# To do
The answer must be only the lines below from the one holding "从直播画面来看,梁建章和直播" down to the one holding "使い勝手のいい34×80cm", ends included, printed exactly; please omit all pictures.

# Task data
====================
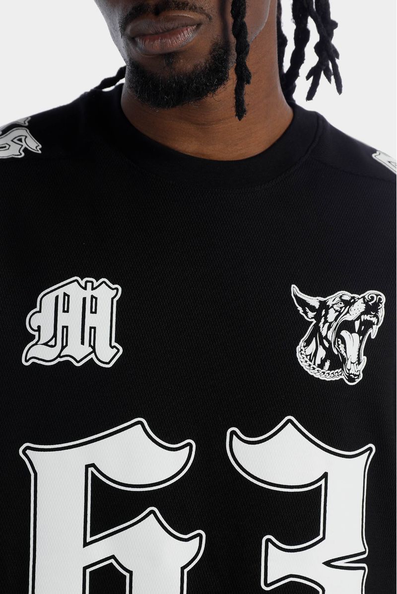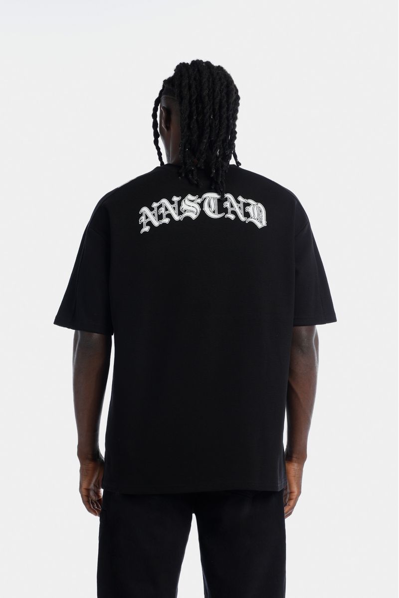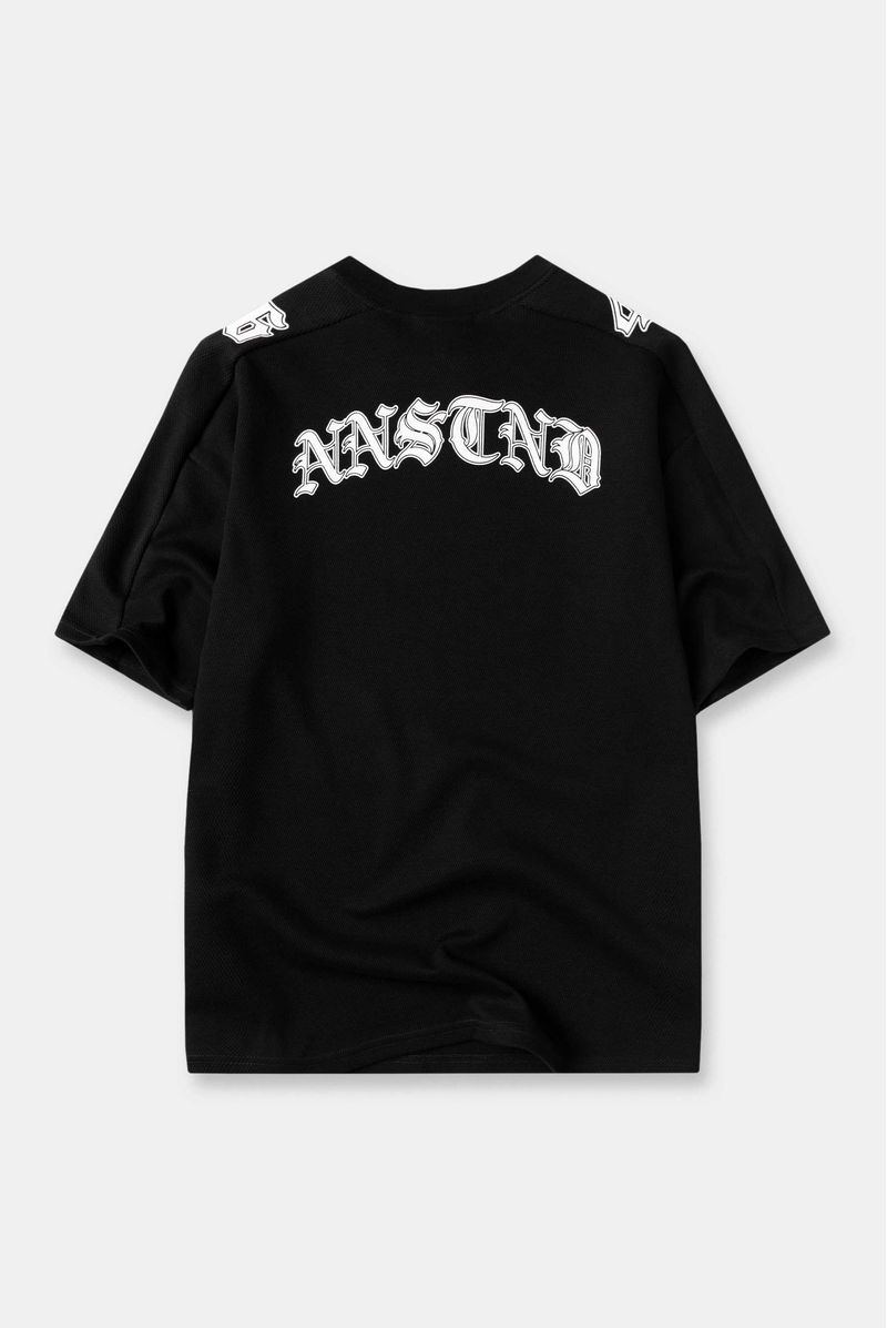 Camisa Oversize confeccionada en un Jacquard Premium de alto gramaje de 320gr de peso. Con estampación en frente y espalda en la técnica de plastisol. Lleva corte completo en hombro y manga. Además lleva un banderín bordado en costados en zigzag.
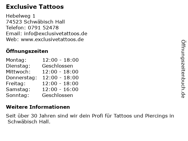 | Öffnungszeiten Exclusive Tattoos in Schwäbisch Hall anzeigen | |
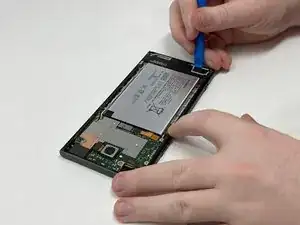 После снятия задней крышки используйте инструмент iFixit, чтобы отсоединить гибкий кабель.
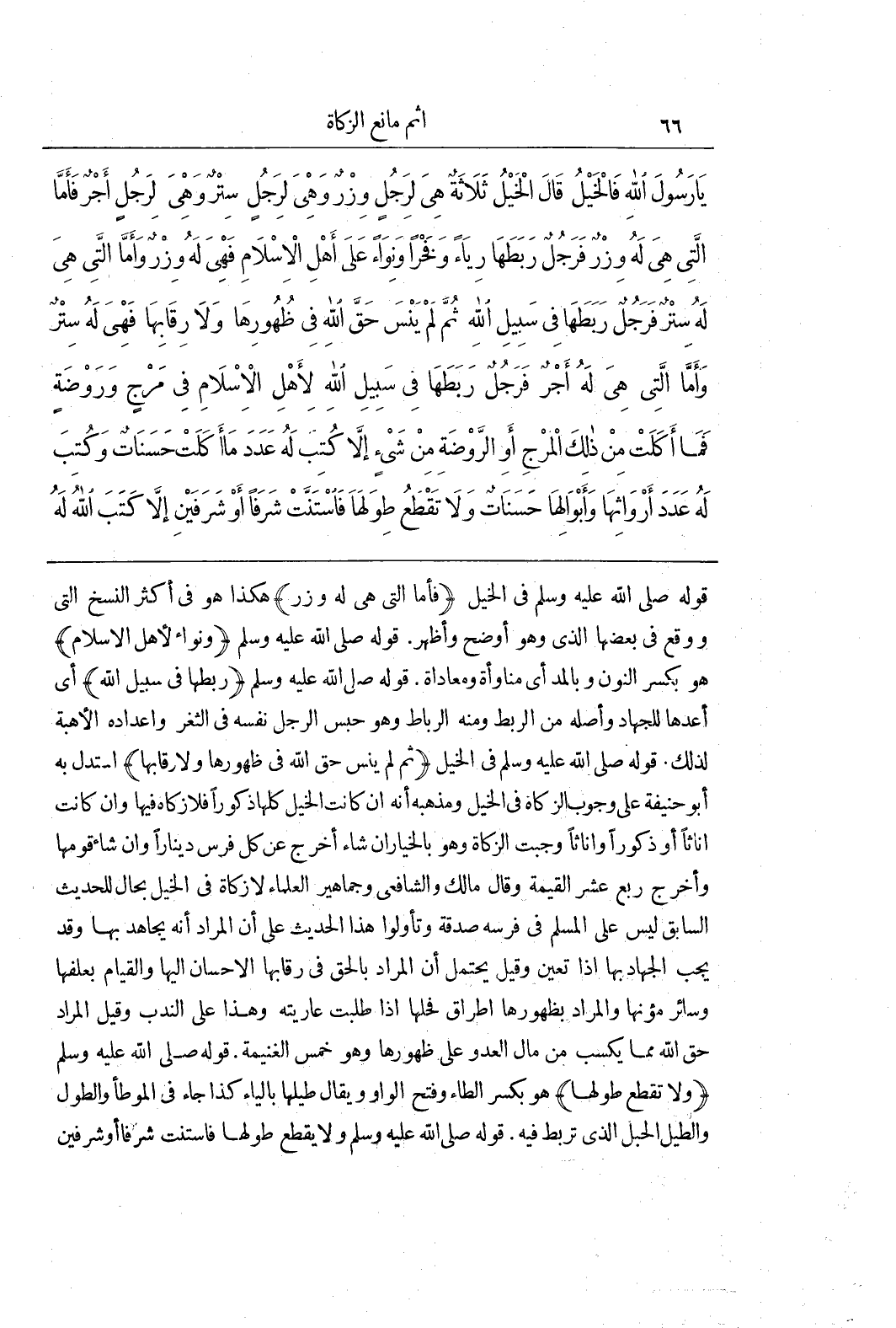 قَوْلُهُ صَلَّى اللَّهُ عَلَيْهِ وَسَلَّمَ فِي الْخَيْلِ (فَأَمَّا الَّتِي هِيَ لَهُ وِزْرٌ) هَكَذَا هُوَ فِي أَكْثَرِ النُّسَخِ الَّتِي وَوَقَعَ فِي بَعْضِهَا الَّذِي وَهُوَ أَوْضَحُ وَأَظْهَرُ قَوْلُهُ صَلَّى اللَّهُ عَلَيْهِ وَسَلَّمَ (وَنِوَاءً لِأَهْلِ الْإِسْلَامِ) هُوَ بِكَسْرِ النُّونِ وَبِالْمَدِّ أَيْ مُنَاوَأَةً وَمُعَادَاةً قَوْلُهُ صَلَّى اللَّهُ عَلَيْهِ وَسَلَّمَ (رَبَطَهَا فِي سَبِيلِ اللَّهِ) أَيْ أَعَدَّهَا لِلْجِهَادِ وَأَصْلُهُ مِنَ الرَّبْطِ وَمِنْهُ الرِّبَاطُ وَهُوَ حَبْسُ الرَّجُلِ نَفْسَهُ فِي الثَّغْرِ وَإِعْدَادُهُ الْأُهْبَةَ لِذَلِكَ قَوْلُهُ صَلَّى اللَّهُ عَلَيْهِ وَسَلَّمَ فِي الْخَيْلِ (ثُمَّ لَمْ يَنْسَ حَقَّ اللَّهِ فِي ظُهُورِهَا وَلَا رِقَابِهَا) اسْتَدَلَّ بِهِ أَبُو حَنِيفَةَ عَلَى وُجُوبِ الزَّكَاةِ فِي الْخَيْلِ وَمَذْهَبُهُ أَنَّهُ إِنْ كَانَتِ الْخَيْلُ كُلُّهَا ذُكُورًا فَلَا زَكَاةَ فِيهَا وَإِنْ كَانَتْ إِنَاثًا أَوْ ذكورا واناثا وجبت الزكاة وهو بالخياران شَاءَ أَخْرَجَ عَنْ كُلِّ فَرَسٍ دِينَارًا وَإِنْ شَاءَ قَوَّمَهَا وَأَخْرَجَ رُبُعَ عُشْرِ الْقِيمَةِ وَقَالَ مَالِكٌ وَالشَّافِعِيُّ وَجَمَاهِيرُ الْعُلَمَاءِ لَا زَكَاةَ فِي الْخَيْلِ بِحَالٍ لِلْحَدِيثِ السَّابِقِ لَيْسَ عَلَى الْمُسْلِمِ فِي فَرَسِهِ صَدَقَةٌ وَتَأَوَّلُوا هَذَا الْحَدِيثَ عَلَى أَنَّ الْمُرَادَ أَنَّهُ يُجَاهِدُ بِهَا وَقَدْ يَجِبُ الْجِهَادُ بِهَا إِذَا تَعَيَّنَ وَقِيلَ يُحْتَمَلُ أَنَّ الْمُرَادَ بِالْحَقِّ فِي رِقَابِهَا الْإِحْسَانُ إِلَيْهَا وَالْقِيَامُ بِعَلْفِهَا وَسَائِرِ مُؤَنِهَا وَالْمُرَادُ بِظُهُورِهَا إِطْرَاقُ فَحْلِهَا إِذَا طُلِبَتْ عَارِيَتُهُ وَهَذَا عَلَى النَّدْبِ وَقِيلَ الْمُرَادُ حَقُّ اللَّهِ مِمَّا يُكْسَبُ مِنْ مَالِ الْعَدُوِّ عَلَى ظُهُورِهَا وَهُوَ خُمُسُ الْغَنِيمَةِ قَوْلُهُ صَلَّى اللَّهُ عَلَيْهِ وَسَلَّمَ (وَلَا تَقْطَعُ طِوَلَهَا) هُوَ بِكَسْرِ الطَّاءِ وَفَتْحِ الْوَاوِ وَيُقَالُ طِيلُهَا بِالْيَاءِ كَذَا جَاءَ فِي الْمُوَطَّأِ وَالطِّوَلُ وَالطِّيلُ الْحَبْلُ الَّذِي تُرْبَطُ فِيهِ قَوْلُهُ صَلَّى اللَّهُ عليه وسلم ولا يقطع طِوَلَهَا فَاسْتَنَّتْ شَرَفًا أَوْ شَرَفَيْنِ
====================
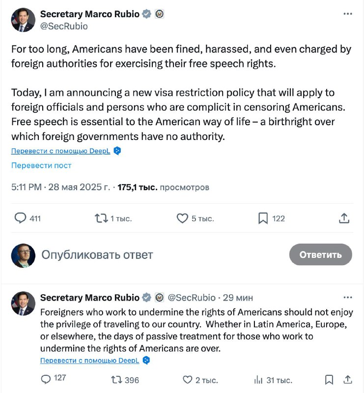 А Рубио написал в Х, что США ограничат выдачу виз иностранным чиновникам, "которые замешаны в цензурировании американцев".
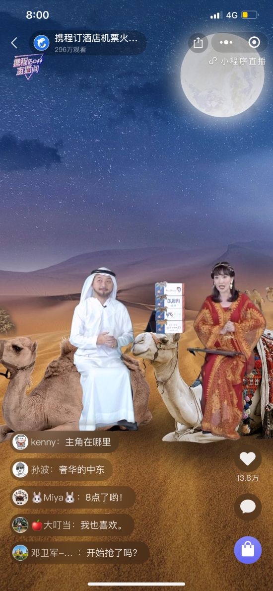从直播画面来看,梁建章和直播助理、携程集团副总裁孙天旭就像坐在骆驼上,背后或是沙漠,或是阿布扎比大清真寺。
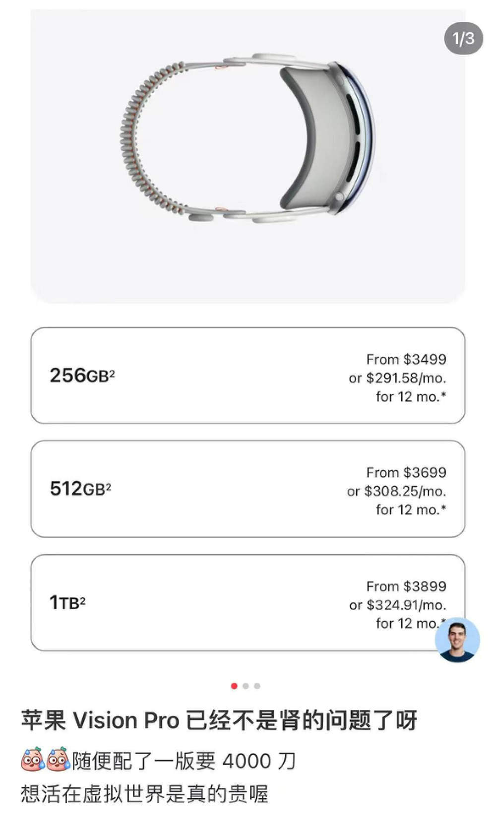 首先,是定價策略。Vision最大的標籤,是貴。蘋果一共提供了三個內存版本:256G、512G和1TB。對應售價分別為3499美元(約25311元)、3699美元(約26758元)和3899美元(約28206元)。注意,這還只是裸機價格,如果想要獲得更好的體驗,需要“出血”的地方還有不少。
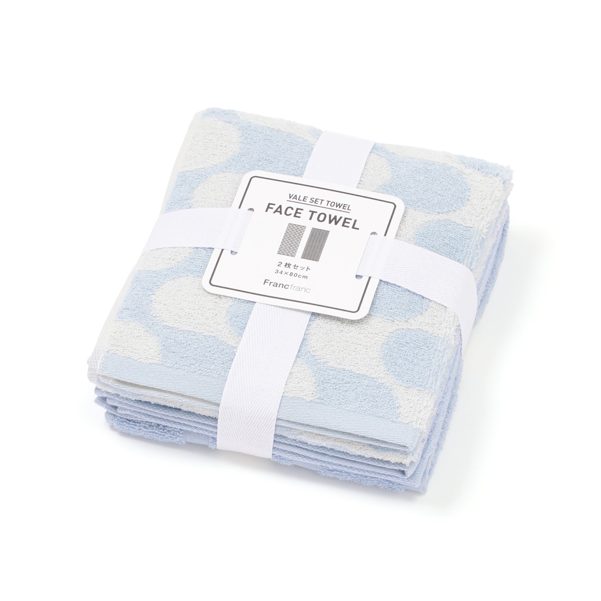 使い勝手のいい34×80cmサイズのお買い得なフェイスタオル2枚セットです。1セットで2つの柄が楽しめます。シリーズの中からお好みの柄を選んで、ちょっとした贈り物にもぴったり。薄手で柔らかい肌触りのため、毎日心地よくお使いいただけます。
====================
# Problem solution
从直播画面来看,梁建章和直播助理、携程集团副总裁孙天旭就像坐在骆驼上,背后或是沙漠,或是阿布扎比大清真寺。
 首先,是定價策略。Vision最大的標籤,是貴。蘋果一共提供了三個內存版本:256G、512G和1TB。對應售價分別為3499美元(約25311元)、3699美元(約26758元)和3899美元(約28206元)。注意,這還只是裸機價格,如果想要獲得更好的體驗,需要“出血”的地方還有不少。
 使い勝手のいい34×80cmサイズのお買い得なフェイスタオル2枚セットです。1セットで2つの柄が楽しめます。シリーズの中からお好みの柄を選んで、ちょっとした贈り物にもぴったり。薄手で柔らかい肌触りのため、毎日心地よくお使いいただけます。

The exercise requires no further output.